** Opening Data provided block **

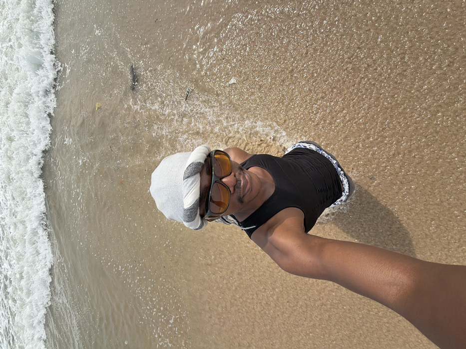 - "A single adult male is depicted in a selfie, standing in shallow ocean water at a beach in Alaguntan, Nigeria" by FM-rkm0j2, licensed under CC BY 4.0
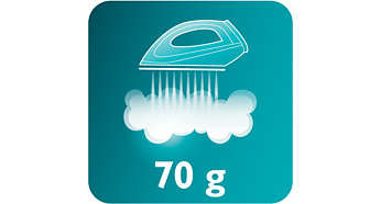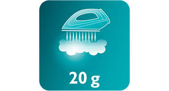 Ciągły strumień pary do 20 g/min ułatwia rozprasowywanie zagnieceń. |
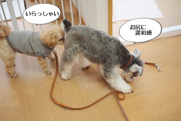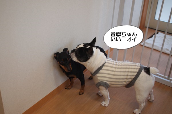 はなちゃんは音寧ちゃんが好きなもんだから、ニオイを嗅ぎに近づいていました。

** Closing Data provided block **

The copy should match each line above exactly and contain no images.

 - "A single adult male is depicted in a selfie, standing in shallow ocean water at a beach in Alaguntan, Nigeria" by FM-rkm0j2, licensed under CC BY 4.0
 Ciągły strumień pary do 20 g/min ułatwia rozprasowywanie zagnieceń. |
 はなちゃんは音寧ちゃんが好きなもんだから、ニオイを嗅ぎに近づいていました。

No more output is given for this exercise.